Внезапно громко заговорило радио. Чья-то приветственная речь. Только бы ничего не слышать!.. А потом — тихая ночь, святая ночь!.. Сочельник. Праздничный благовест немецких соборов… Хольт уронил голову на руки.
В Гельзенкирхен он прибыл утром, на трамвае добрался до Эссена и сразу позвонил. Фрау Цише крайне удивилась.
— Можно к тебе? — спросил он.
— — Ни в коем случае. Я с минуты на минуту жду Гюнтера Цише. Он отпросился на весь день.
— Мне очень тяжело, — пожаловался он. — Я сжег за собой корабли… Не оставляй меня одного!
Он услышал в трубке ее голос: «Подожди минутку!» Но ждать пришлось долго. И наконец: «Поезжай в Боркен, это за Везелем, на другом берегу. Как-нибудь разыщешь. Оттуда пойдешь по шоссе и свернешь у развилки вправо. Дойдешь до соседней деревни, это примерно в двух километрах.
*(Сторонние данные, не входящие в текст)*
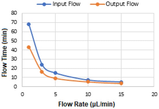 Variation in Flow time versus flow rate of dye in a microfluidic channel.

Увидишь гостиницу „У источника“. Там мы и встретимся. К черту Цише! Меня подвезет знакомый на машине».
Хольт чувствовал себя на седьмом небе.
— Пока, — сказала она, — я тоже страшно рада.
Только во второй половине дня добрался Хольт до цели. Он попал в приветливую деревенскую гостиницу. Фрау Цише забилась в уголок, юная, неприметная. Он схватил ее за руку. Она медленно повернула руку, над которой он склонился, и теплой ладошкой зажала ему рот.
Они шли по открытой, занесенной снегом местности. Широкая равнина тонула в надвигающихся сумерках — тихий, поэтический ландшафт. На луга, на заросли лозняка и ольшаника медленно ложились хлопья снега. Здесь уж, верно, рукой подать до голландской границы. Мороз крепчал. К вечеру разъяснилось. В темноте над их головами то и дело слышалось гудение. Где-то вдалеке стреляли зенитки. Но все это их уже не касалось. Здесь не объявляли тревогу, У них было в запасе два долгих дня. Они топали по глубокому снегу.